10

我正在尝试对 MS FrontPage 生成的网站的 html 进行“defrontpagify”,并且正在编写一个 BeautifulSoup 脚本来执行此操作。

但是,我陷入了尝试从包含它们的文档中的每个标签中去除特定属性(或列表属性)的部分。代码片段:

REMOVE_ATTRIBUTES = ['lang','language','onmouseover','onmouseout','script','style','font',
                        'dir','face','size','color','style','class','width','height','hspace',
                        'border','valign','align','background','bgcolor','text','link','vlink',
                        'alink','cellpadding','cellspacing']

# remove all attributes in REMOVE_ATTRIBUTES from all tags, 
# but preserve the tag and its content. 
for attribute in REMOVE_ATTRIBUTES:
    for tag in soup.findAll(attribute=True):
        del(tag[attribute])

它运行没有错误,但实际上并没有剥离任何属性。当我在没有外部循环的情况下运行它时,只需硬编码单个属性(soup.findAll('style'=True),它就可以工作。

任何人都知道这里的问题吗?

PS - 我也不太喜欢嵌套循环。如果有人知道更实用的地图/过滤器风格,我很乐意看到它。

4

5 回答 5

9

线

for tag in soup.findAll(attribute=True):

没有找到任何tags。可能有一种使用方法findAll;我不确定。但是,这有效:

import BeautifulSoup
REMOVE_ATTRIBUTES = [
    'lang','language','onmouseover','onmouseout','script','style','font',
    'dir','face','size','color','style','class','width','height','hspace',
    'border','valign','align','background','bgcolor','text','link','vlink',
    'alink','cellpadding','cellspacing']

doc = '''<html><head><title>Page title</title></head><body><p id="firstpara" align="center">This is <i>paragraph</i> <a onmouseout="">one</a>.<p id="secondpara" align="blah">This is <i>paragraph</i> <b>two</b>.</html>'''
soup = BeautifulSoup.BeautifulSoup(doc)
for tag in soup.recursiveChildGenerator():
    try:
        tag.attrs = [(key,value) for key,value in tag.attrs
                     if key not in REMOVE_ATTRIBUTES]
    except AttributeError: 
        # 'NavigableString' object has no attribute 'attrs'
        pass
print(soup.prettify())

请注意,此代码仅适用于 Python 3。如果您需要它在 Python 2 中工作,请参阅下面的 Nóra 回答。

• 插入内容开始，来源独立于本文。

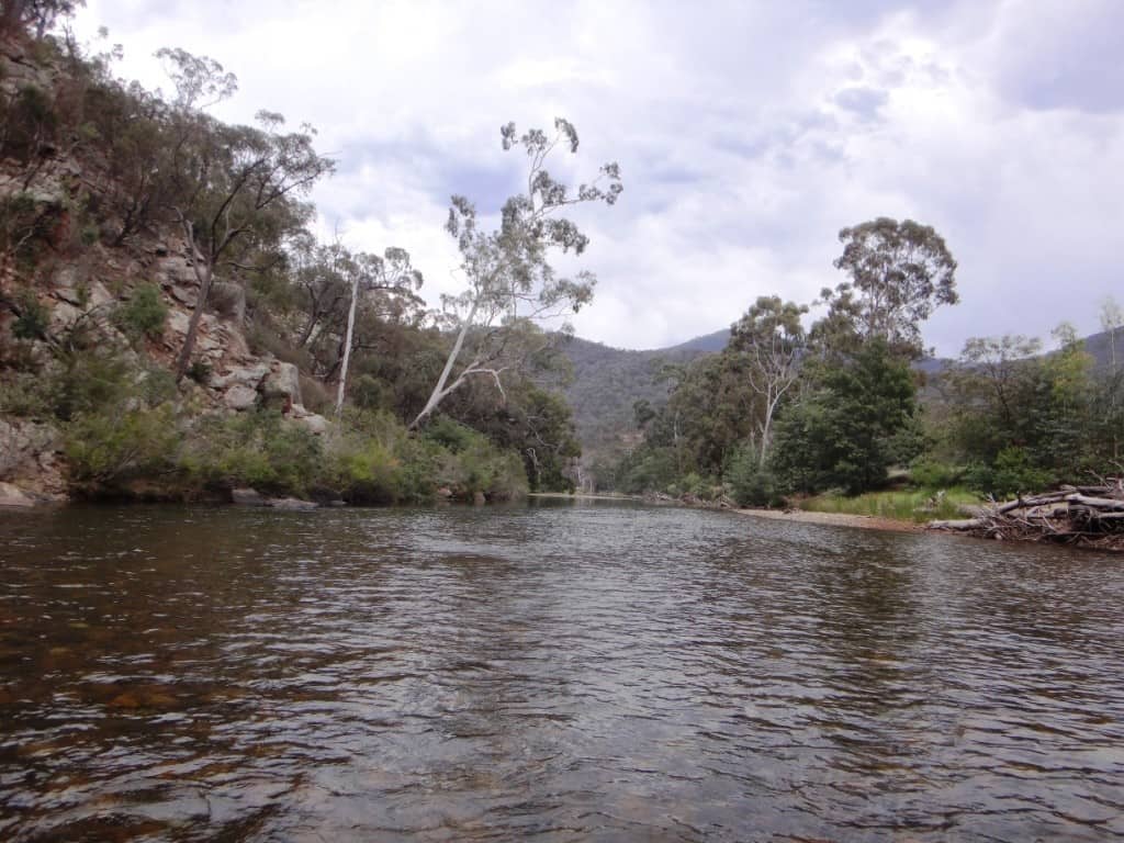 Very little rain was forecast for the three days – and very little fell. We were however treated during the night to that beautiful brooding, ominous rolling booming of thunderstorms clawing their way across the faces of the mountains, and to the mysterious comings and goings of the cervine denizens to their wallow not twenty yards away. I have picked out the best 40 or so of a couple of hundred snaps I took during the six lazy hours we were paddling on the second day. We ended up camped just below the twin bridges of Neates Track, again on a lovely grassy verge where a small stream entered the river on the true left bank. The snaps are in order, so mostly I will just allow them to reveal this wonderful river to you.

于 2012-01-28T13:48:57.263 回答
6

Just ftr: the problem here is that if you pass HTML attributes as keyword arguments, the keyword is the name of the attribute. So your code is searching for tags with an attribute of name attribute, as the variable does not get expanded.

This is why

  1. hard-coding your attribute name worked[0]
  2. the code does not fail. The search just doesn't match any tags

To fix the problem, pass the attribute you are looking for as a dict:

for attribute in REMOVE_ATTRIBUTES:
    for tag in soup.find_all(attrs={attribute: True}):
        del tag[attribute]

Hth someone in the future, dtk

[0]: Although it needs to be find_all(style=True) in your example, without the quotes, because SyntaxError: keyword can't be an expression

于 2018-07-13T12:04:49.330 回答
6

这是 unutbu 答案的 Python 2 版本:

REMOVE_ATTRIBUTES = ['lang','language','onmouseover']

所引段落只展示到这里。